Apparently, in nature the mother bird is for ever rolling and shifting them and this means that not only do they all get a turn at the warmest centre of the clutch, but also that the embryo on the yolk, suspended on the spiral strands (chalazae) gets rolled around in the 'middle', not touching the outer membranes. If it is not rolled the embryo sags against the membranes and can grow welded to the membrane or in among it, leading to deformed and not properly grown chicks. Yoiks. Or maybe the teacher was just having us on. Strange things get lodged in your brain when you are a ghoulish school-boy! Anyway, I decided to candle a few of them again at this stage and held them to my ear. I am no expert at this but I think we are still OK. I swear I even saw twitching movement in one, not just the flopping about of dark debris, and also that I heard a tiny 'cheep' in one, but I'm not putting any money on the latter.

Geranium 'Orion'
This is also P-minus-3 day; we collect our pigs on Thursday. That will be quite an adventure. The farm, near Ballymount, Colbinstown, County Kildare, is two and a half hours away on Google Maps and our friend and rabbit-mentor, Charlotte wants to come along for the ride. We had to 'practise' getting the three of us into the little car with the pig (actually dog) crate to make sure we'd all fit. Charlotte will be a bit cosy in the back there along with Mapp and Lucia, but at least the little weaners will not be lonely. Liz is also promising to construct a picnic for the way down.

Sweet rocket. 
I have been reading up my 'National Pig Identification and Tracing System' documents to make sure I know what I am doing with the journey/movement paperwork, though I expect the seller will help me out if I get 'lost'. I have to contact a 'central agency' by (lo-call) phone to tell them about my new arrivals within 24 hours, quoting herd number and a secret 'PIN' code. Wish us luck. I hope to be able to post on Thursday that we have successfully completed this mission.

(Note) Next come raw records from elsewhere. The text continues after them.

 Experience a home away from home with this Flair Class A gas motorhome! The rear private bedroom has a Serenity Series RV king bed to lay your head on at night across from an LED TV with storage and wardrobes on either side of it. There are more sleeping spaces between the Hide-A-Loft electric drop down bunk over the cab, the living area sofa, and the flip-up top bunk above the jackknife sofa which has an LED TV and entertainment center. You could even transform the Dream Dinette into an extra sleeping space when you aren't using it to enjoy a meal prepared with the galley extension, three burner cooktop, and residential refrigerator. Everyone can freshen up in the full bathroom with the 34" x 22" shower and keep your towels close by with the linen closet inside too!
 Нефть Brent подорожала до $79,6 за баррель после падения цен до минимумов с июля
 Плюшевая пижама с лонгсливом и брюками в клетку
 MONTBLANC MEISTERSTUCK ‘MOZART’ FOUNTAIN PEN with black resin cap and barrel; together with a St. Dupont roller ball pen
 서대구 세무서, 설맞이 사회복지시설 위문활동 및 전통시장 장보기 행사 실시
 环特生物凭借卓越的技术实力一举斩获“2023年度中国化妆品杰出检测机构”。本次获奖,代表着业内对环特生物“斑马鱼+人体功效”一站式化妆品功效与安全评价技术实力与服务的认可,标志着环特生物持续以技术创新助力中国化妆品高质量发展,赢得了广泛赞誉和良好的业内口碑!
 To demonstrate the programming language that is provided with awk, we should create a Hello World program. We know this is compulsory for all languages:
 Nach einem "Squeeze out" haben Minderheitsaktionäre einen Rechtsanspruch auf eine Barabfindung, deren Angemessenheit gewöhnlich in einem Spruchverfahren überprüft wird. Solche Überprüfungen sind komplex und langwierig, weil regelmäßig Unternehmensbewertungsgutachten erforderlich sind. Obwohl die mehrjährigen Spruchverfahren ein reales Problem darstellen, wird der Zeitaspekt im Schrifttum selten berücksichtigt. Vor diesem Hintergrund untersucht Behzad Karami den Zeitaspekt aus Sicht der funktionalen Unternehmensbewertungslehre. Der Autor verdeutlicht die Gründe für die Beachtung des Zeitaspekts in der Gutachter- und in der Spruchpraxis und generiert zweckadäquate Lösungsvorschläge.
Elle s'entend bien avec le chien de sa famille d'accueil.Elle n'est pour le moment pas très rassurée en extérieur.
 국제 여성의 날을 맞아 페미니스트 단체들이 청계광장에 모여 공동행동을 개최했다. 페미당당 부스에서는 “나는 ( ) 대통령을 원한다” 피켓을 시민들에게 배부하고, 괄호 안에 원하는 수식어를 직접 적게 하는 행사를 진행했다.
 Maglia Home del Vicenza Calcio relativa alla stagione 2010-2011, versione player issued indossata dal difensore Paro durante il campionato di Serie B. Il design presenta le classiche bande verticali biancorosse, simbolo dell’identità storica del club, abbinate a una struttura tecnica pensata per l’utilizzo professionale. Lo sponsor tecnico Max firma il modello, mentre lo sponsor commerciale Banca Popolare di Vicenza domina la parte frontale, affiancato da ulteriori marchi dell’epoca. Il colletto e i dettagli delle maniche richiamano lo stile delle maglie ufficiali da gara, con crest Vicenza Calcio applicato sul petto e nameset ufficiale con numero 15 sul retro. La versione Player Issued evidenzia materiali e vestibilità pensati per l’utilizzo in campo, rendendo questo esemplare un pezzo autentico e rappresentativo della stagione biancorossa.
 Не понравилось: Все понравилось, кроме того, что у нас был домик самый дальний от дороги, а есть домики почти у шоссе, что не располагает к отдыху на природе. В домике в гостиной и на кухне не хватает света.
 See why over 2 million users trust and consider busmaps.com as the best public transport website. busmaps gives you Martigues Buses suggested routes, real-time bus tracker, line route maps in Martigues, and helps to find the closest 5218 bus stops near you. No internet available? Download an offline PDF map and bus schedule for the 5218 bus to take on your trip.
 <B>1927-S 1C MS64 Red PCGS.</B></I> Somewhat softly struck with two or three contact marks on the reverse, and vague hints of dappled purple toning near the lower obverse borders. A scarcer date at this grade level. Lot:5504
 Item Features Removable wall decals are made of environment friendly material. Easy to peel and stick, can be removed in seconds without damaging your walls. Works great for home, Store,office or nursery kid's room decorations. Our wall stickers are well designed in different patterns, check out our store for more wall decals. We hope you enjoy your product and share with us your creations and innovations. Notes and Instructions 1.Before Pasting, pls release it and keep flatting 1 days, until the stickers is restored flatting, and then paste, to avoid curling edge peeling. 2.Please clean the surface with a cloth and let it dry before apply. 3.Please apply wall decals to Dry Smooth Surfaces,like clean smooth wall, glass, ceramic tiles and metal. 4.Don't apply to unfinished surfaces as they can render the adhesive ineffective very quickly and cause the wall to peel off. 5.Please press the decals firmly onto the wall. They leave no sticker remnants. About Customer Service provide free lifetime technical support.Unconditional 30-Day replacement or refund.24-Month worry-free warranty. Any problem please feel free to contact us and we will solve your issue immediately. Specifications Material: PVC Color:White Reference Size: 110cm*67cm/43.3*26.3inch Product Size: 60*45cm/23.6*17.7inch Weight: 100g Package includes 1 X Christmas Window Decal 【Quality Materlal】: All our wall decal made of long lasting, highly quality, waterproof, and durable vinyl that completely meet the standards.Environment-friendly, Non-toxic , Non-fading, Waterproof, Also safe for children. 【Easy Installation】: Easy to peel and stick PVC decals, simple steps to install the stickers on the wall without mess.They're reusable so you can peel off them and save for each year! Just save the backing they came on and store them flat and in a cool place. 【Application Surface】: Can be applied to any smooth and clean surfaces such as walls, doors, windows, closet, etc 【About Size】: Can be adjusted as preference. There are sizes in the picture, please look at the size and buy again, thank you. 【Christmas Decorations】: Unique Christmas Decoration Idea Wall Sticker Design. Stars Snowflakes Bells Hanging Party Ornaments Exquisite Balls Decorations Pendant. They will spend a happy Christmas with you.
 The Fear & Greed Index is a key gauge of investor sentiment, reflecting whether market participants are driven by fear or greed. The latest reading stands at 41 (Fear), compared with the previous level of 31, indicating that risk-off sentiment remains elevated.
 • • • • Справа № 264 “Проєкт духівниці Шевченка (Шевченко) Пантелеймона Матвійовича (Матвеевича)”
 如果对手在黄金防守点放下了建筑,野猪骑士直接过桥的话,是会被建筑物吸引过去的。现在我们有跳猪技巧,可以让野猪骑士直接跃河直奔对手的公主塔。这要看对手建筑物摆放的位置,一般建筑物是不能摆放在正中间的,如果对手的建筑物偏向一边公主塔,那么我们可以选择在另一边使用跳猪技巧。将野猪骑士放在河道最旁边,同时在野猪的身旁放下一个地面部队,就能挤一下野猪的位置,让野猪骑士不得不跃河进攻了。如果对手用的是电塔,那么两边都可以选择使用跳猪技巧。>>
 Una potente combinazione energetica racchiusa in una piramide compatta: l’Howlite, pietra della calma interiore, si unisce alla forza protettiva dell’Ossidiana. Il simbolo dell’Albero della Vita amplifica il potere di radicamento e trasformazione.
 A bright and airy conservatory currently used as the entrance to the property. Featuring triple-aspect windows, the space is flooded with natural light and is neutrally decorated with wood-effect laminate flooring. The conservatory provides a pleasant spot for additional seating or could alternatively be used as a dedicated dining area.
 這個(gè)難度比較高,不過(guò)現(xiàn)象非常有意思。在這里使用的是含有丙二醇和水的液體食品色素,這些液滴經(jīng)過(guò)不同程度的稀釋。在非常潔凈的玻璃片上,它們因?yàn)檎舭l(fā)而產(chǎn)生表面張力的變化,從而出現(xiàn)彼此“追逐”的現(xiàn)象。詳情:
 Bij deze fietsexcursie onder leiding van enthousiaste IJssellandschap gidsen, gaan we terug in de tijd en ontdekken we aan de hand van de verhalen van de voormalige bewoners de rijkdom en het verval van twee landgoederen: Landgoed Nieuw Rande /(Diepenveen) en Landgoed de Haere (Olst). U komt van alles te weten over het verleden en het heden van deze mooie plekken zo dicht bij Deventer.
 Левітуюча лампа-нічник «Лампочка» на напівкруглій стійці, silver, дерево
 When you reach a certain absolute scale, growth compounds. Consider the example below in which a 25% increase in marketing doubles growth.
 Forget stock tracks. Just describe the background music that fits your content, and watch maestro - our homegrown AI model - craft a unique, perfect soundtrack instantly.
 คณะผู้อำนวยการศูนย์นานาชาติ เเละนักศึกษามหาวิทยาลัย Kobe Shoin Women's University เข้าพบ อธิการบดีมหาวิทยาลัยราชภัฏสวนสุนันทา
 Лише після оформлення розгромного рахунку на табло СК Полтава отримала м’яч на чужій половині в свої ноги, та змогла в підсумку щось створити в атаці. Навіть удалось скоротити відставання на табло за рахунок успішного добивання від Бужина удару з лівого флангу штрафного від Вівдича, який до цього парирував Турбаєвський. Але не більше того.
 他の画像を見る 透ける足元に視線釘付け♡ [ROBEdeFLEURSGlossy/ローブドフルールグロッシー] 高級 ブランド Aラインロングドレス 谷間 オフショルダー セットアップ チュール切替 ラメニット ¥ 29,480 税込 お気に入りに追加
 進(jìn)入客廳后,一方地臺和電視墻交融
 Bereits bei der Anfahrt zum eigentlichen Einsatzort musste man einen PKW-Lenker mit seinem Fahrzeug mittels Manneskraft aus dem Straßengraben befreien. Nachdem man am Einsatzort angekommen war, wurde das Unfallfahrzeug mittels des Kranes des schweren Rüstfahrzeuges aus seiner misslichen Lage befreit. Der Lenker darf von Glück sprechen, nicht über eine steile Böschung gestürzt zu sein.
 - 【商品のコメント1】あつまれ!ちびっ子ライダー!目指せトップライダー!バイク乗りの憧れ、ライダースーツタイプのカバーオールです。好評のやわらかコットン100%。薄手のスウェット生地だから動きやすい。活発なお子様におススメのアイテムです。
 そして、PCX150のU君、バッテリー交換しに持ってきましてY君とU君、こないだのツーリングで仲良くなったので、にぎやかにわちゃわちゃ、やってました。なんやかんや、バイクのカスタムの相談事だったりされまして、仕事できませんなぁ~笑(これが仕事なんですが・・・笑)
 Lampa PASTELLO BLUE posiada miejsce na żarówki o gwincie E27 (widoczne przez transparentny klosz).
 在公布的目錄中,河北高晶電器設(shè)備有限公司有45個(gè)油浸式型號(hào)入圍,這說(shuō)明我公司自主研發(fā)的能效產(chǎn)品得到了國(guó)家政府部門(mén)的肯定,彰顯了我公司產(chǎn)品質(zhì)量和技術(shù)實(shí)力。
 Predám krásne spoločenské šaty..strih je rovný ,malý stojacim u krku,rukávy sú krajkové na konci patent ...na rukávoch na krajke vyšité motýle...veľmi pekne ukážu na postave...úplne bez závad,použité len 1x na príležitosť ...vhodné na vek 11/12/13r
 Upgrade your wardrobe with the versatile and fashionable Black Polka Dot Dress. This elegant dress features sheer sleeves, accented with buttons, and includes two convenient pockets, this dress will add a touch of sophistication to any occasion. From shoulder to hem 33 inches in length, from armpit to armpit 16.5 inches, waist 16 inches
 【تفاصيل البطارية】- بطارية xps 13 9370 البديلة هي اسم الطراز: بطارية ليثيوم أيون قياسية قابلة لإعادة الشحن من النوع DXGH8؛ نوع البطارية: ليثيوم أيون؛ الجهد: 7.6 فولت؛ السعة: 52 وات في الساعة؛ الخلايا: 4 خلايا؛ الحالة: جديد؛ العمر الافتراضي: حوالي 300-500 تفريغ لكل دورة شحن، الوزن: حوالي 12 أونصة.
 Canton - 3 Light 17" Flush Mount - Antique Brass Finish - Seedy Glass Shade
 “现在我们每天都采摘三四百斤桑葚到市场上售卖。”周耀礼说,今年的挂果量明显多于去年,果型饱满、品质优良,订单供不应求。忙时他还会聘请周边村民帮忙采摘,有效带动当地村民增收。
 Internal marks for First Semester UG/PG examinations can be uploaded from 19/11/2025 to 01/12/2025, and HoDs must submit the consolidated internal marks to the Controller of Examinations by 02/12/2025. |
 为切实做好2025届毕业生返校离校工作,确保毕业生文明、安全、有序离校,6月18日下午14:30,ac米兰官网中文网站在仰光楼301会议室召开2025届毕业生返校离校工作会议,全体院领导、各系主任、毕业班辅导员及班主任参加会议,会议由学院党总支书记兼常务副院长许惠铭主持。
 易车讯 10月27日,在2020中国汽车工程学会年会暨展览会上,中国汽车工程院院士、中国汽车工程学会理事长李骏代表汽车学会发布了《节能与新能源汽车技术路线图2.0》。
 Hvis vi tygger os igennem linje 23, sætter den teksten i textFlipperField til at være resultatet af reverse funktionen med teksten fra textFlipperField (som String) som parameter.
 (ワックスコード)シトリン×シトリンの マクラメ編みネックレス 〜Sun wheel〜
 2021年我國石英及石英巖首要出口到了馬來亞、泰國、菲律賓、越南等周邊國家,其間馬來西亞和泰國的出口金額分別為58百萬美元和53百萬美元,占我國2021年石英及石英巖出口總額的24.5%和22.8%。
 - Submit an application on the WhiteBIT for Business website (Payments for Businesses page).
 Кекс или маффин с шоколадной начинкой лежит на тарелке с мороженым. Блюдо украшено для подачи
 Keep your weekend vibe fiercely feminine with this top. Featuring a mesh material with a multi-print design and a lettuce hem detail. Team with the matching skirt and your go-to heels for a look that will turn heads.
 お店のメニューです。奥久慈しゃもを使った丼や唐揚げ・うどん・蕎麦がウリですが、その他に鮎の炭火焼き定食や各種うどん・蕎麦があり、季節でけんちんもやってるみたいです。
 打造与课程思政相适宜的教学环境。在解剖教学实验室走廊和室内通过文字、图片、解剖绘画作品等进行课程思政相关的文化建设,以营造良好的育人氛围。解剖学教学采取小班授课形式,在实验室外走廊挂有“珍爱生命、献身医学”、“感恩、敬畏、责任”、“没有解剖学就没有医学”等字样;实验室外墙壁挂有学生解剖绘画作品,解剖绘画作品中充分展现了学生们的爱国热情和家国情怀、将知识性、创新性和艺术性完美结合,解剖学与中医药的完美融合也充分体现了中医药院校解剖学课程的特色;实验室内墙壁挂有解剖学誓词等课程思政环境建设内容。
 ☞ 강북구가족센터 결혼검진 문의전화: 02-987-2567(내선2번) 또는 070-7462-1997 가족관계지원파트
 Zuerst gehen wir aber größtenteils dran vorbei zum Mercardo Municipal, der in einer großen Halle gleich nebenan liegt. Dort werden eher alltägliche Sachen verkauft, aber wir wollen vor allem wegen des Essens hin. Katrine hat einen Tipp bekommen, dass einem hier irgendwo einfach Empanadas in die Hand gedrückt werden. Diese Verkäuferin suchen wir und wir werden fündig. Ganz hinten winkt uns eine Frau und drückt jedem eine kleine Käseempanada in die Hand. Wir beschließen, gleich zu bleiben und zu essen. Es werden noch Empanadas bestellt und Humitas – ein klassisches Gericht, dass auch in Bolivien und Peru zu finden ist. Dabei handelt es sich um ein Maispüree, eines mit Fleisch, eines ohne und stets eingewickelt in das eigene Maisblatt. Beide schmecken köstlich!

Lupins from Vendor Anna's seed
One other small drama and sad tale to report. We now have, as you know, one successful gosling back with his Dad, George and either Mum or Aunt, now out in the orchard each day, feeding well and growing like a Hubbard chick. The other goose stayed home to sit on the later eggs which we left her, for which we have no accurate dates so we are by no means certain when to expect hatches. Well, we had a hatch three days ago and woke up to a little, apparently happy, cheeping form in the nest along with the two female geese and George (Junior). But the broody seems to have a focus problem - she's mad keen on anything egg shaped but doesn't give a tinker's cuss about anything yellow and fluffy that might come out of the eggs, so the new chick was allowed to wander off and never an attempt to guide it back to the nest.

Beekeeping Federation magazine. Very professional.
There was no beak-to-beak nuzzling or any kind of recognition. I let George, Black Feather and the bigger gosling back 'home' from the orchard early thinking that BF might adopt it, or GJ might go and talk to it. It was a warm night, so we decided to not rescue it till morning if it still looked lost and abandoned. Sadly, the little mite never made it that far and it was a dead, cold, stiff gosling I had to gather up.

We will never know if this was bad parenting or something wrong with the chick causing them to instinctively ignore it, or a result of its rather on/off incubation period, or our bad husbandry. Possibly geese need a 'mass hatch' of the majority of eggs in one go, to trigger the change from 'incubate eggs' to 'rear chicks'. If there are any more and they look like being left, we will rescue sooner and give the baby a few days in the brooder under the lamp and then try a re-introduction. It's never boring.

Yellow flag iris in the pond.
Oh and then tomorrow, of course, is Happy Birthday to 4 of our animals - Towser and Poppy, Blue and Rolo all make it to 2 years old tomorrow, though if they shout me awake at ten to 6 again it might be a very short celebration.


Dan said...

Good luck with the pigs tomorrow! What are you getting?

Matt Care said...

2 little 8 week old purebred Tamworths, all being well. We like the look of these and they are supposed to be brilliant for the outdoor life.